Thread: How does DirectX's Present work?

  1. #1
    Registered User
    Join Date
    Sep 2011
    Posts
    25

    How does DirectX's Present work?

    I'm still kind of new to programming games in C++ with DirectX. I have this project I'm working on in preparation for my senior project coming soon (I'm in school for Game and Simulation Programming). It's just a simple 3D application with three spheres orbiting around like a solar system. It runs fine, but I'm having problems understanding why I can't get above about 60 frames per second, even when I've removed everything from the rendering loop besides the Present call.

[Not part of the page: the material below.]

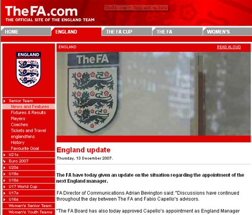 中新網(wǎng)12月14日電 萬眾聚焦的英格蘭選帥今天終于接近水落石出,英格蘭足總今天凌晨在其官方網(wǎng)站上透露了選帥的最新進(jìn)展,卡佩羅入主已基本定局。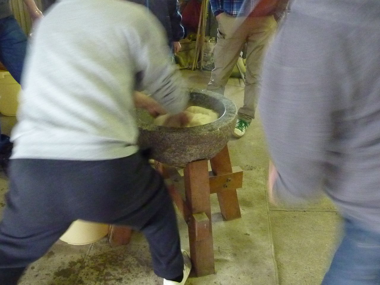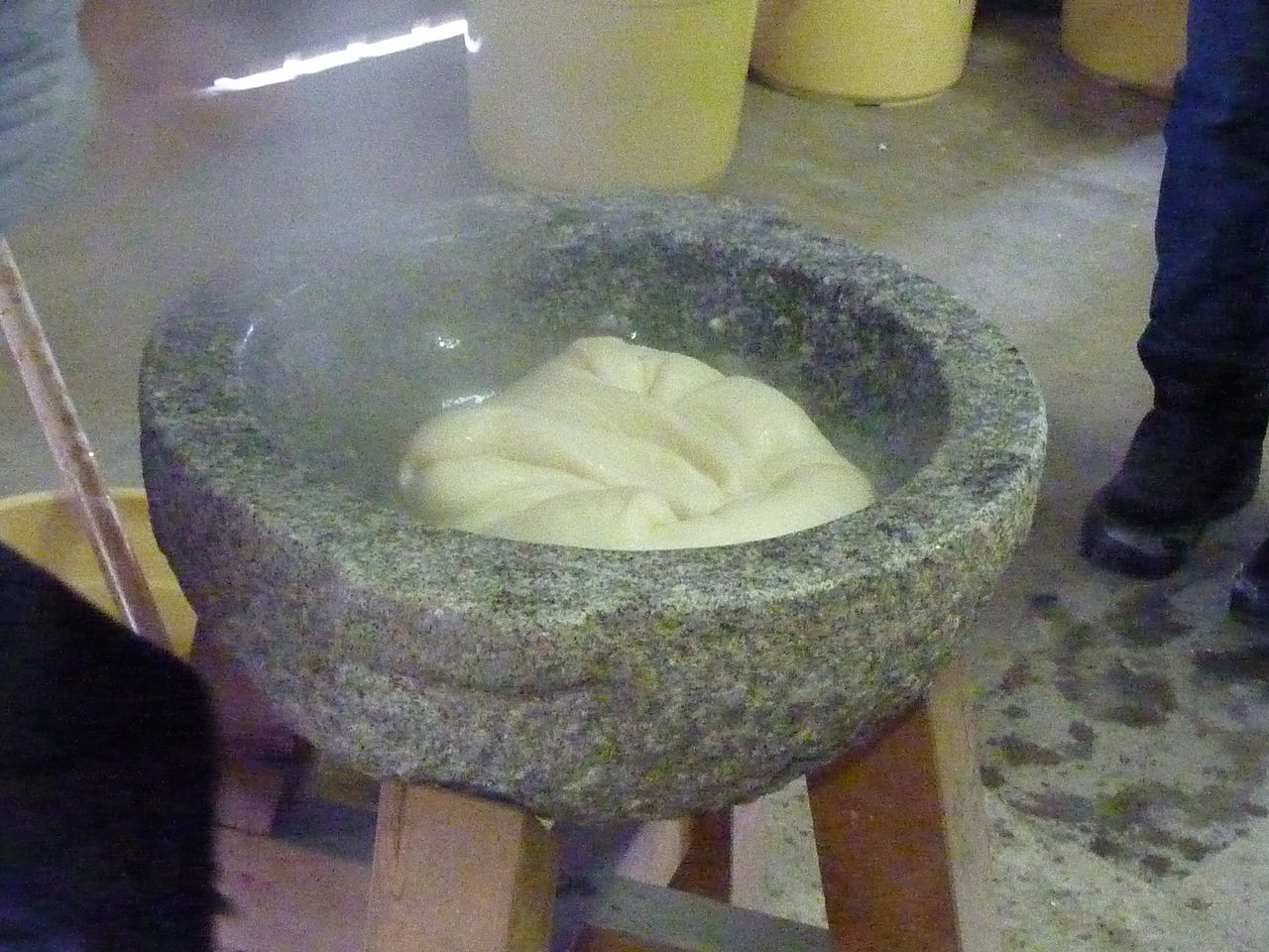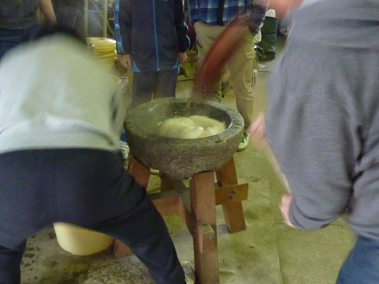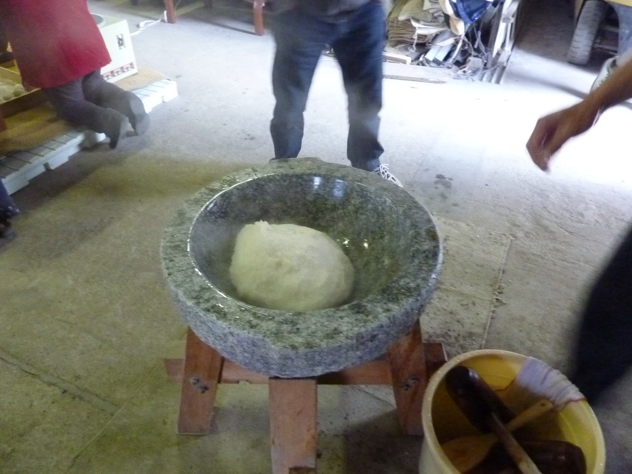 こうやってある程度こねた餅米を石臼に移します。

    It seems that the Present call itself is slowing down the application. I don't know how Present works in-depth and was just curious if anyone here could fill me in. Is it that Present hangs the application until the display is ready for a presentation? If so, how can I only call Present when it's necessary/appropriate instead of once every render interation? If 60 FPS is totally acceptable (I'm aware of how FPS correlates with monitor refresh rate) and the highest anyone would ever need to go, how is it that mainstream games can report 200 FPS or more? What does that number actually represent?

    Any and all input is greatly appreciated. Just a curious, probably ill-equipped student.

  2. #2
    Just a pushpin. bernt's Avatar
    Join Date
    May 2009
    Posts
    426
    Is it that Present hangs the application until the display is ready for a presentation?
    Pretty much. It waits until the monitor is done doing its vertical retrace, so your frames per second is locked to the refresh rate of the display (or a factor of that, if drawing your scene takes longer than 1/60 of a second).

    As for acceptable framerates, 60 FPS is perfectly acceptable, and is near the limit of human perception.
    30 FPS is considered smooth as well (standard films play at 24 FPS), and game consoles are usually locked at 25 or 30, to match PAL or NTSC standards. There are some who can tell the difference between 30 and 60, but it really depends on the audience and the type of display.

    If so, how can I only call Present when it's necessary/appropriate instead of once every render interation?
    I'm not terribly familiar with Direct3D (I'm more into OpenGL, myself) but this is what I gather from the MSDN page. There's an optional 5th parameter, for passing flags that affect how Present operates. By default the D3DPRESENT_INTERVAL_ONE bit is set but you can pass D3DPRESENT_INTERVAL_IMMEDIATE to ignore vsync.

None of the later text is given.